Describes all Oracle Virtual Private Database security policies for objects accessible to the current user.

ALL_POLICY_ATTRIBUTES

Describes all the application context namespaces, attributes, and Virtual Private Database policy associations where the logged in user is the owner of the VPD policy or the VPD policy belongs to PUBLIC.

ALL_POLICY_CONTEXTS

Describes the driving contexts defined for the synonyms, tables, and views accessible to the current user. A driving context is an application context used in an Oracle Virtual Private Database policy.

ALL_POLICY_GROUPS

Describes the Oracle Virtual Private Database policy groups defined for the synonyms, tables, and views accessible to the current user

ALL_SEC_RELEVANT_COLS

Describes the security relevant columns of the security policies for the tables and views accessible to the current user

DBA_POLICIES

Describes all Oracle Virtual Private Database security policies in the database.

DBA_POLICY_ATTRIBUTES

Describes all the application context namespaces, attributes, and Virtual Private Database policy associations for context-sensitive and shared context-sensitive Virtual Private Database policies

DBA_POLICY_GROUPS

Describes all policy groups in the database.

DBA_POLICY_CONTEXTS

Describes all driving contexts in the database. Its columns are the same as those in ALL_POLICY_CONTEXTS.

DBA_SEC_RELEVANT_COLS

Describes the security relevant columns of all security policies in the database

UNIFIED_AUDIT_TRAIL

Captures the VPD predicates in the RLS_INFO column, for unified auditing and fine-grained auditing

USER_POLICIES

Describes all Oracle Virtual Private Database security policies associated with objects owned by the current user. This view does not display the OBJECT_OWNER column.

USER_POLICY_ATTRIBUTES

Describes all the application context namespaces, attributes, and Virtual Private Database policy associations where the owner of the Virtual Private Database policy is the current user

USER_POLICY_CONTEXTS

Describes the driving contexts defined for the synonyms, tables, and views owned by the current user.

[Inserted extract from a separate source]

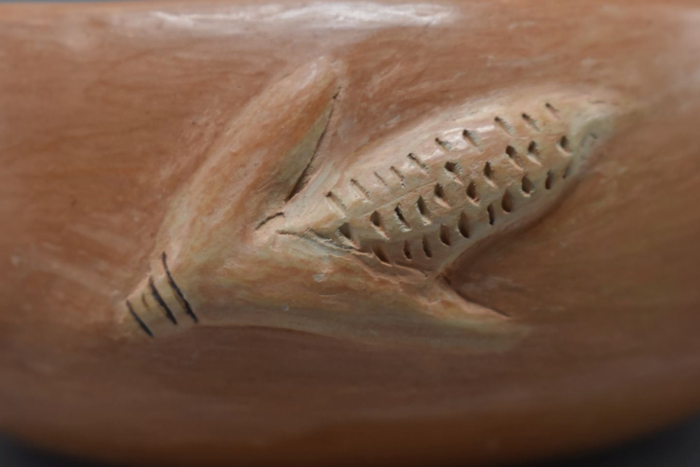 1980's hand coiled with raised corn cob design and painted design 6.5" x 2.25"

Its columns (except for OBJECT_OWNER) are the same as those in ALL_POLICY_CONTEXTS.

USER_SEC_RELEVANT_COLS

Describes the security relevant columns of the security policies for the tables and views owned by the current user. Its columns (except for OBJECT_OWNER) are the same as those in ALL_SEC_RELEVANT_COLS.

USER_POLICY_GROUPS

Describes the policy groups defined for the synonyms, tables, and views owned by the current user. This view does not display the OBJECT_OWNER column.

V$VPD_POLICY

For the current PDB, displays all the fine-grained security policies and predicates associated with the cursors currently in the library cache. This view is useful for finding the policies that were applied to a SQL statement.

Tip:

In addition to these views, check the database trace file if you find errors in application that use Virtual Private Database policies. The USER_DUMP_DEST initialization parameter specifies the current location of the trace files. You can find the value of this parameter by issuing SHOW PARAMETER USER_DUMP_DEST in SQL*Plus.